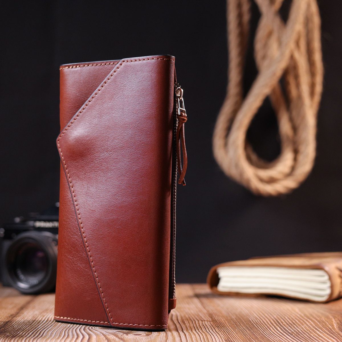 Красивый и многофункциональный портмоне в глянцевой дорогой коже итальянского производства. Изделие имеет продуманный до мелочей дизайн и качественную фурнитуру, очень практично. В портмоне поместятся купюры в развернутом виде. Дополнен аксессуар также ячейками для кредиток, в аксессуаре собран весь необходимый функционал для современного клиента. Изделие удобно лежит в руке. Глянцевая кожа отлично и долго носится и не требует особого ухода. Прекрасный подарок для ваших близких.
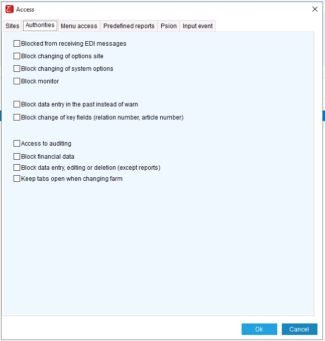 Here, you can block various functions for the user, such as the authority to change data or settings or view financial data.
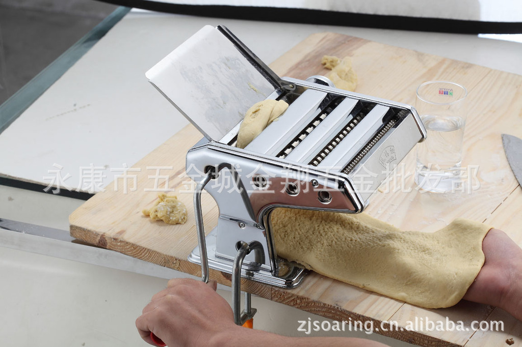該機光潔衛生、操作方便,能壓制寬窄兩種面條及餛飩皮、面葉,用該機壓制的面條同手搟一樣光滑、柔軟、可口好吃。
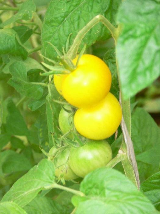 ZlatoSkifow(=Skytengold) [BB07] Goldgelbe Buschtomate. {09} Pfl. ca. 1m.
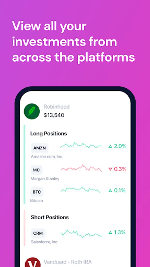 • Monitor your investment portfolio in one place by linking all your brokerage accounts.
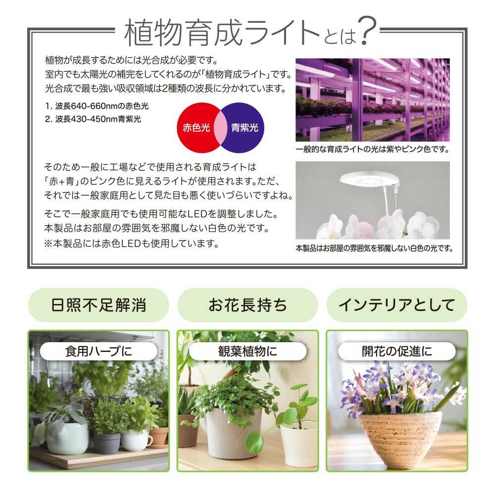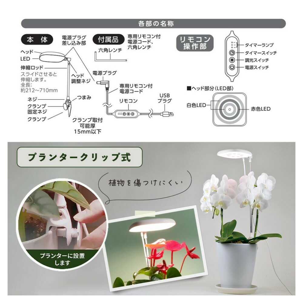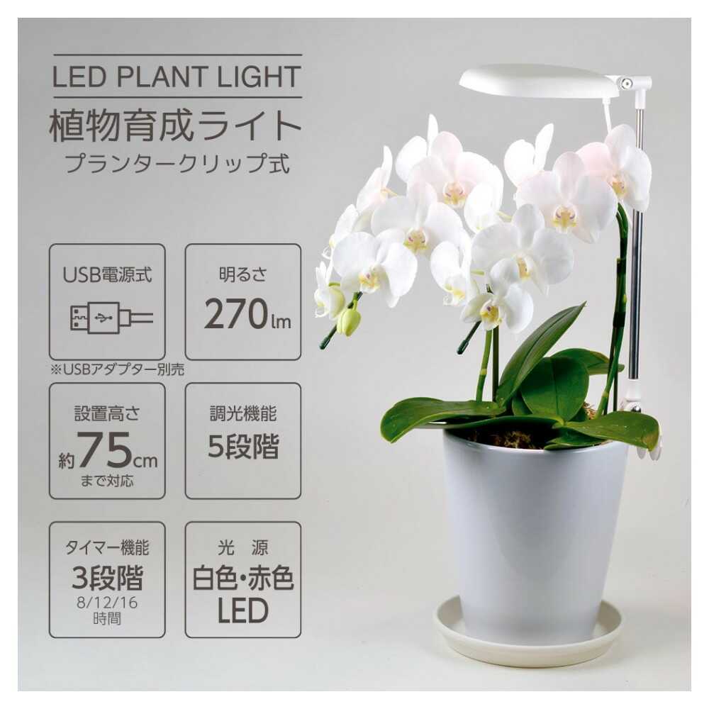 室内で太陽光の補完、植物育成ライト、お部屋に馴染む白色の光、5段階調光機能付き、自動で点灯消灯を繰り返す、オートタイマー機能付き、タイマー、3段階、8時間点灯、12時間点灯、16時間点灯、プランターにはさむだけの簡単設置、設置高さ約75cmまで対応、USB電源式、USBアダプター別売
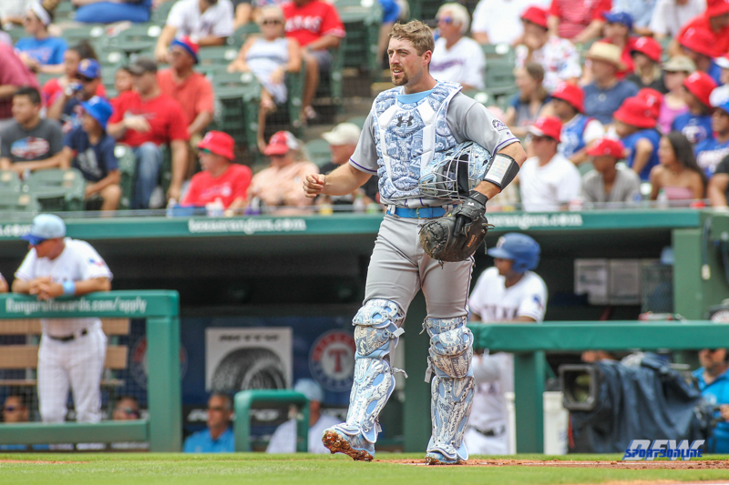 ARLINGTON, TX - JUNE 17: Colorado Rockies catcher Tom Murphy (23) looks over the field during the game between the Colorado Rockies and the Texas Rangers on June 17, 2018 at Globe Life Park in Arlington, TX. (Photo by George Walker/Icon Sportswire)

> [YOUR ASSIGNMENT]: Using the records above, copy exactly and only the lines from the line with "ZlatoSkifow(=Skytengold) [BB07] Goldgelbe" through the end, both included; leave every picture out.

> [THE ANSWER]:
 ZlatoSkifow(=Skytengold) [BB07] Goldgelbe Buschtomate. {09} Pfl. ca. 1m.
 • Monitor your investment portfolio in one place by linking all your brokerage accounts.
 室内で太陽光の補完、植物育成ライト、お部屋に馴染む白色の光、5段階調光機能付き、自動で点灯消灯を繰り返す、オートタイマー機能付き、タイマー、3段階、8時間点灯、12時間点灯、16時間点灯、プランターにはさむだけの簡単設置、設置高さ約75cmまで対応、USB電源式、USBアダプター別売
 ARLINGTON, TX - JUNE 17: Colorado Rockies catcher Tom Murphy (23) looks over the field during the game between the Colorado Rockies and the Texas Rangers on June 17, 2018 at Globe Life Park in Arlington, TX. (Photo by George Walker/Icon Sportswire)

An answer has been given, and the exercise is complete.